TASK ITEM: Exactly the lines from the one containing "O Corpo de Bombeiros" through the end of the data, and nothing more, should be retyped; pictures stay out.
Segment Start: MATERIAL PROVIDED
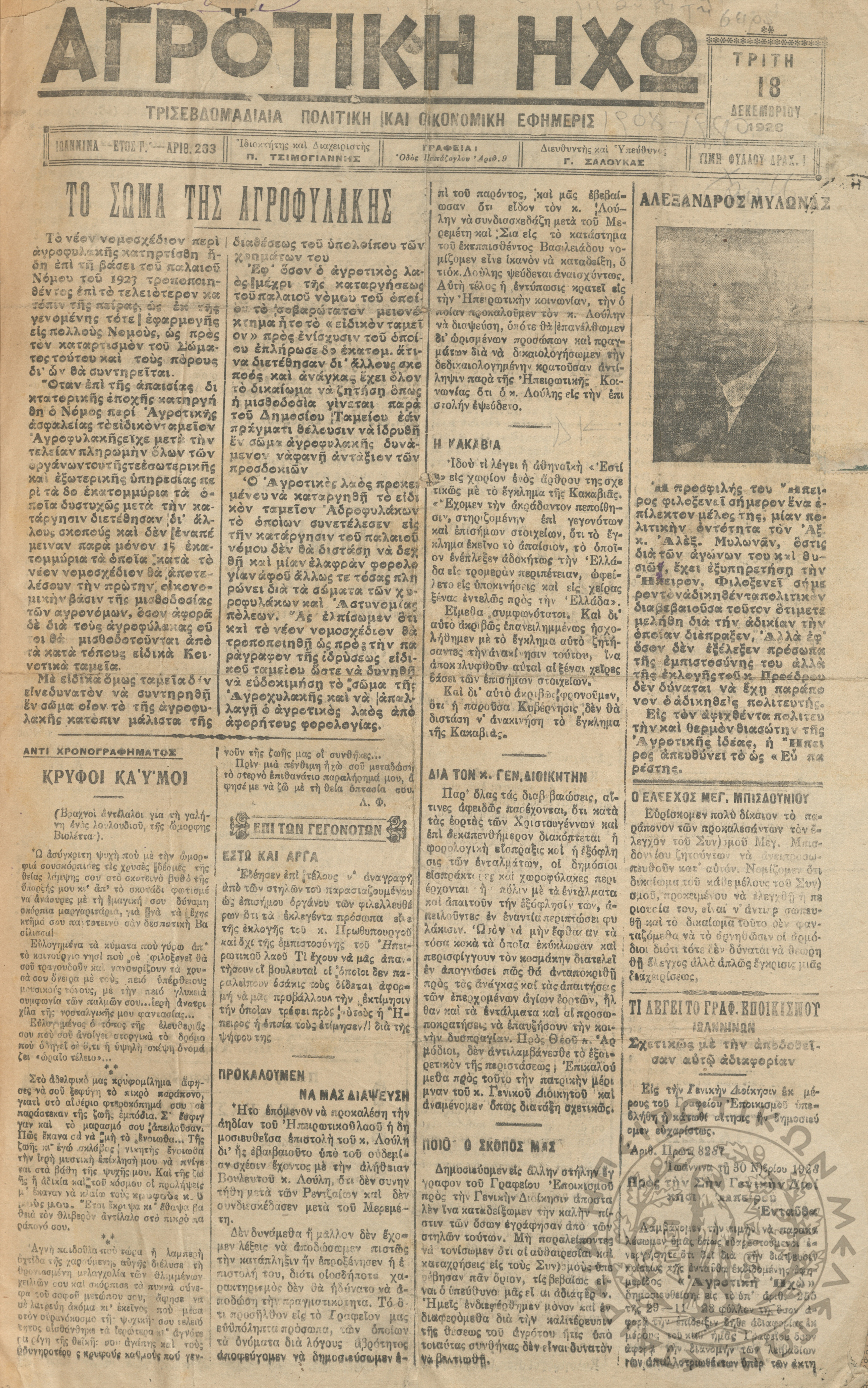 Αγροτική ηχώ: τρισεβδομαδιαία πολιτική και οικονομική εφημερίς, 1928, φ. 233
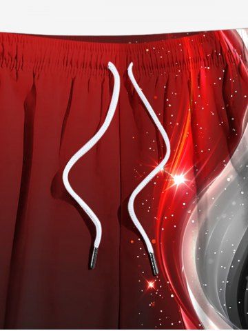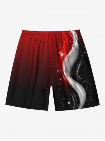 Plus Size Curves Ombre Colorblock Galaxy Glitter 3D Print Hawaii Beach Shorts For Men - Red - 3xl
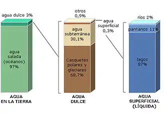Los océanos y mares de agua salada cubren el 71 % de la superficie de la Tierra. Solo el 3 % del agua terrestre es dulce, y de este volumen, solo el 1 % está en estado líquido. El 2 % restante se encuentra en estado sólido en capas, campos y plataformas de hielo o banquisas en las latitudes próximas a los polos. Fuera de las regiones polares el agua dulce se encuentra principalmente en humedales y, subterráneamente, en acuíferos. Según un estudio publicado en la revista Nature Geoscience, se estima que el agua subterránea total en el planeta supone un volumen de 23 millones de kilómetros cúbicos.[75]
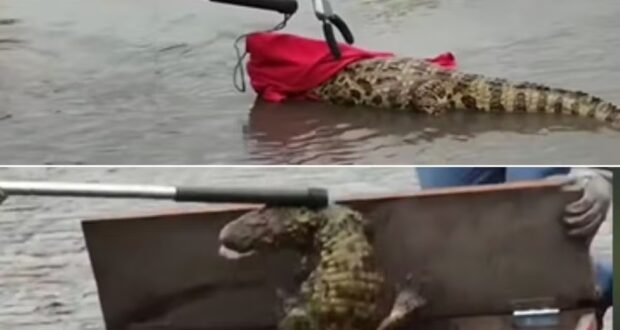O Corpo de Bombeiros resgatou um jacaré no estacionamento de uma empresa em Cubatão (SP). Um vídeo, obtido pelo g1 neste domingo (10), mostra o réptil se debatendo em uma poça d’água antes de ser contido pelos agentes e colocado em uma caixa de madeira (assista acima).
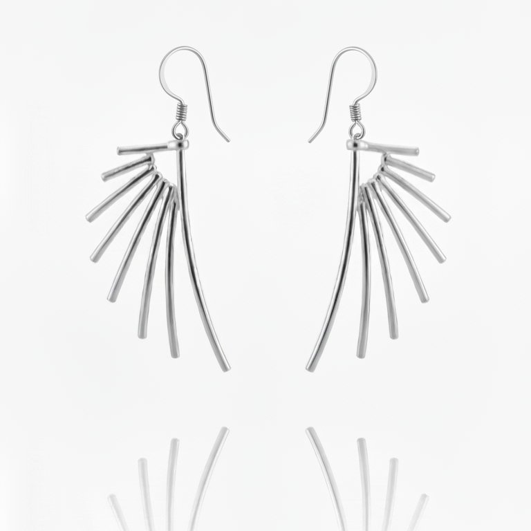 Inspirée du mouvement des ailes, cette paire de boucles d'oreille est réalisée à la main dans mon atelier.
Segment End: MATERIAL PROVIDED
COMPLETED EXERCISE:
O Corpo de Bombeiros resgatou um jacaré no estacionamento de uma empresa em Cubatão (SP). Um vídeo, obtido pelo g1 neste domingo (10), mostra o réptil se debatendo em uma poça d’água antes de ser contido pelos agentes e colocado em uma caixa de madeira (assista acima).
 Inspirée du mouvement des ailes, cette paire de boucles d'oreille est réalisée à la main dans mon atelier.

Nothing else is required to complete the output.